- WHAT IS EXPECTED
Leave the pictures behind and reproduce every line of the listing exactly.

- DATA BELOW
# # # # # # #
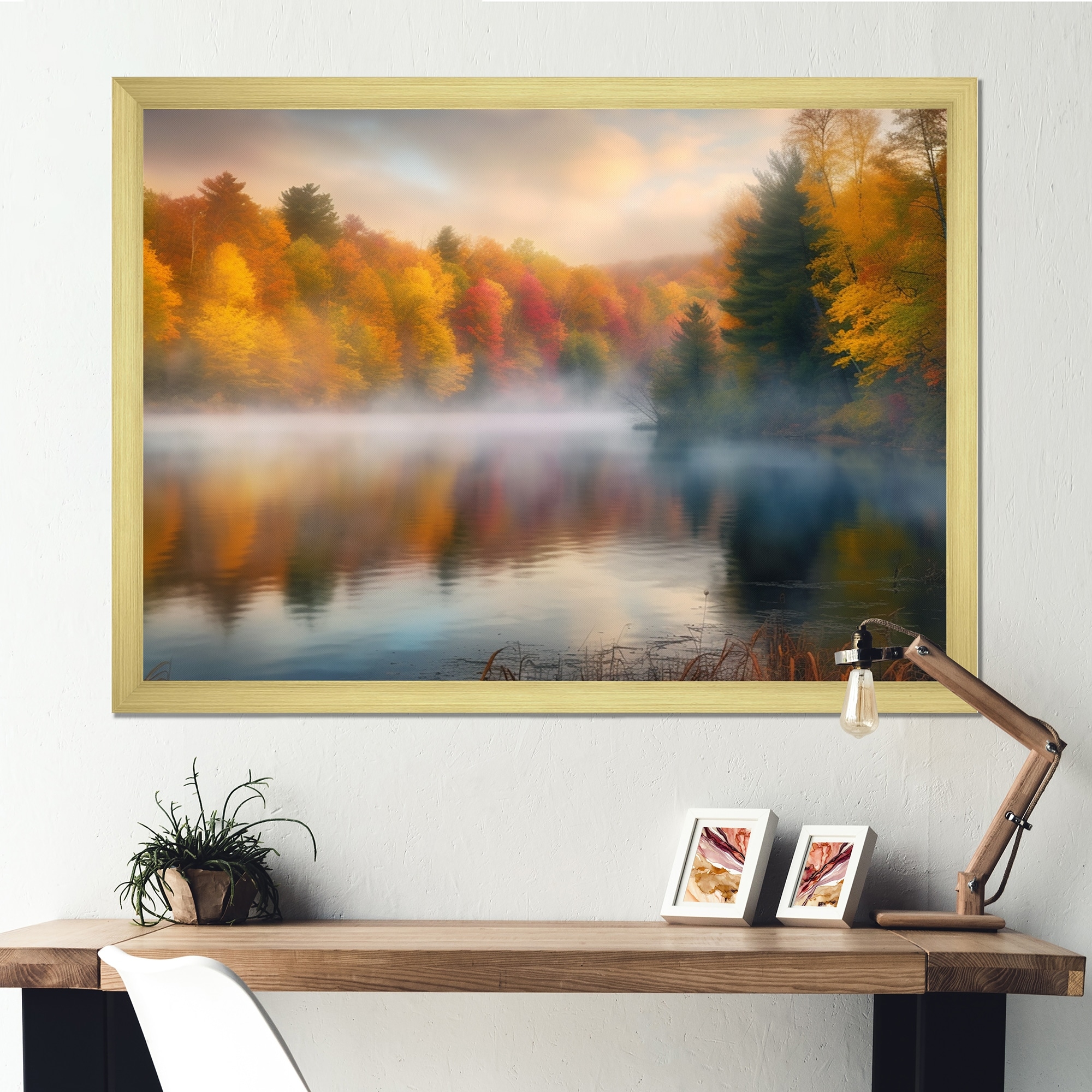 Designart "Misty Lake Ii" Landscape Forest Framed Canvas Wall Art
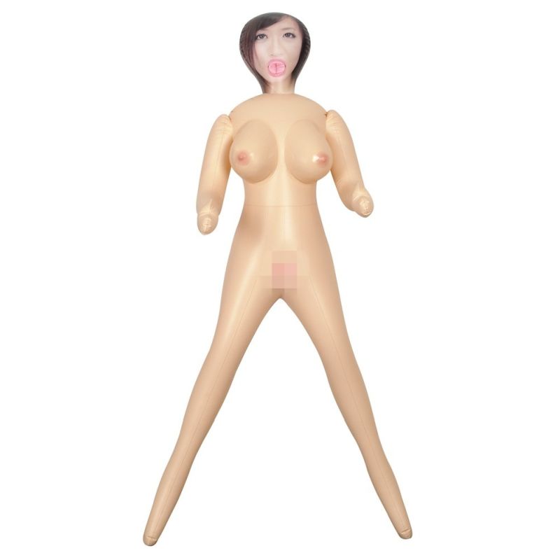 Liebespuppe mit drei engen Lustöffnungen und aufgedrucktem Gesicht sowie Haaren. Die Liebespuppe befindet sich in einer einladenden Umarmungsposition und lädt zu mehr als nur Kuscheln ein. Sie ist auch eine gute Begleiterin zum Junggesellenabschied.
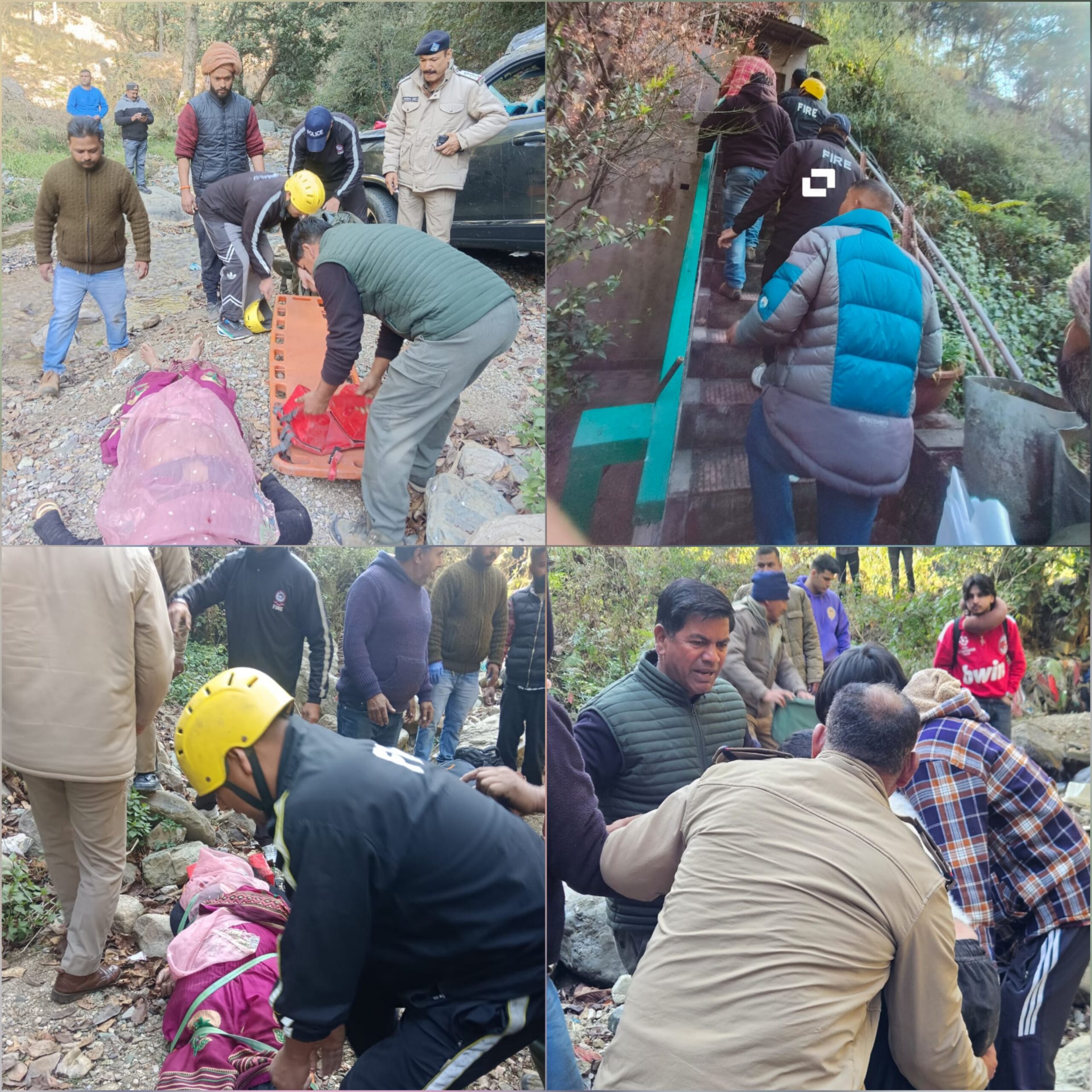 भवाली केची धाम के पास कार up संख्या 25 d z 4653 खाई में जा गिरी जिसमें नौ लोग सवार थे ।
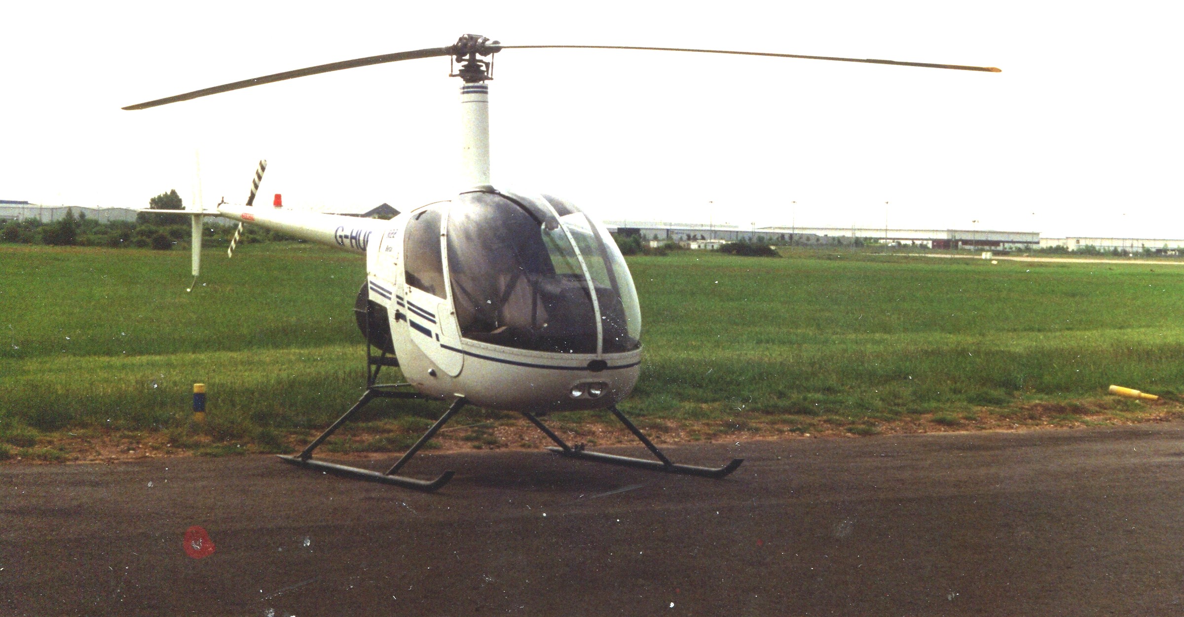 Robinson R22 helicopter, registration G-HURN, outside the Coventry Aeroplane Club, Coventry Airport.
# # # # # # #
- WRITTEN SOLUTION
 Designart "Misty Lake Ii" Landscape Forest Framed Canvas Wall Art
 Liebespuppe mit drei engen Lustöffnungen und aufgedrucktem Gesicht sowie Haaren. Die Liebespuppe befindet sich in einer einladenden Umarmungsposition und lädt zu mehr als nur Kuscheln ein. Sie ist auch eine gute Begleiterin zum Junggesellenabschied.
 भवाली केची धाम के पास कार up संख्या 25 d z 4653 खाई में जा गिरी जिसमें नौ लोग सवार थे ।
 Robinson R22 helicopter, registration G-HURN, outside the Coventry Aeroplane Club, Coventry Airport.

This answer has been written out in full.